◆ **Information supplied**:

.....

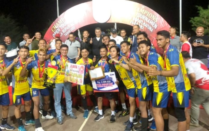 Dengan dihadiri oleh hampir 5000 penonton memadati area pertandingan, Tim Selection menjadi juara dalam Open Turnament Piala Bupati tahun 2022 menyusul Tim Pertamina Energi Natuna pada posisi ke 2. Sedangakan untuk posisi ke tiga ditempati oleh Tim Gardapati dan Tim Putra Bunguran menempati urutan ke empat.
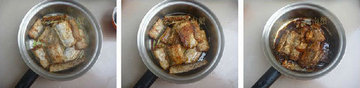 7、放上煎好的鱼,倒上水性调料醒加盐和糖。锅具不同,这里所需要的液体也不一样,我这里只用加些生抽老就可以了,其它锅具可能需要水,酌量添加。
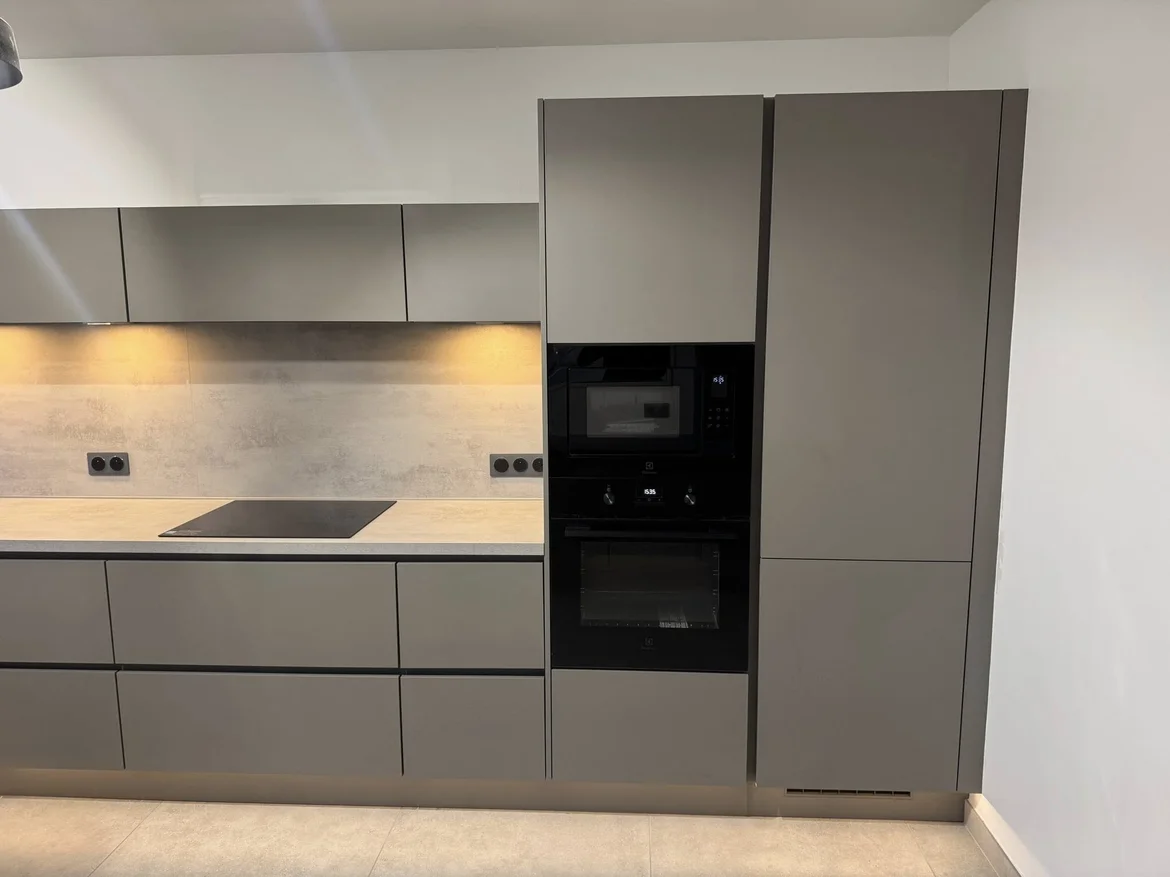 Installed full-height matte cabinets with handleless fronts, creating a seamless and contemporary visual flow throughout the space. -

.....

◆ **Instructions to follow**: The line with "7、放上煎好的鱼,倒上水性调" marks the end: restate word for word every line from the top of the data through that one, omitting pictures.

◆ **Task solution**:
 Dengan dihadiri oleh hampir 5000 penonton memadati area pertandingan, Tim Selection menjadi juara dalam Open Turnament Piala Bupati tahun 2022 menyusul Tim Pertamina Energi Natuna pada posisi ke 2. Sedangakan untuk posisi ke tiga ditempati oleh Tim Gardapati dan Tim Putra Bunguran menempati urutan ke empat.
 7、放上煎好的鱼,倒上水性调料醒加盐和糖。锅具不同,这里所需要的液体也不一样,我这里只用加些生抽老就可以了,其它锅具可能需要水,酌量添加。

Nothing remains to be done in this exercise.